Quote:
Originally Posted by SpeedLimiter
The thing is there are only so many degens/wealthy recreational players that are willing to keep playing and losing money. The number is even less if you then take the percentage of those from this group who will continue to play when they and their peers know that they are a losing player. If the poker economy is to be sustainable long term, the factors which allowed it to be maintained in a live enviroment must be recreated as closely as possible in the online domain.
Over time the money filters upwards, we all know this. But databases like ptr clearly define the boundaries and the flow of profits. This economy relies on players believing in luck, being result orientated and in many cases being dellusional. PTR takes away any doubts you once may have kept you in the game. Your a break even player? no your not, your 85BI's down and now you, your friends and your milkman knows it. There is no way to hide your results, and this will be too much for many people. They will quit from fear of embarrisment or decide to study on their game (no doubt the majority taking the former option). Over time the % of players that know about PTR can only rise.
Then the fishes go broke and move onto something new, something fun where they don't need to study to not get crushed. The break even regs become the fish, and the economy collapses as a mass exodus ensues from sites leaving those with no choice but to grind with a marginal edge agenst the few recreational players left. Poker is about incomplete information, but if you have enough data, enough trials of ranges and betting patters you can effectively turn someones hand face up. It can't stay like this, something has to give.
I've basically believed in just about every point that was mentioned in this post for a very long time, I just took it for granted that nothing was going to change with TR going up.
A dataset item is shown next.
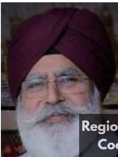
Regional Keertan Coordinator

Frankly, I would love to see the site go down, it creates ego wars between people who would otherwise be friends if they didn't know each other's winnings/losses, along with the entire theory that it is scaring many people away who may not have realized how bad they may have been prior to quit all together.
I don't see how anyone could argue it's good for the games, when in reality there's almost nothing good that filters down because of it. The only exception to the rule that I would make would be if they became exclusively a site sort of like HighStakesDB where they would only decide to track hands of the top 3 levels offered at all the sites. At least once you're getting to 25/50+ and higher, it's pretty safe to say the majority of them are already professionals by and large and would hardly care if other people knew roughly how they were doing or what lower stakes players thought of them.
Just my 2 cents... I'd be curious to see whether a group or party of people ban together to really push the ideas behind this thread to get some real progress going in the next couple of months.
Last edited by HBomb; 12-23-2009 at 03:54 AM.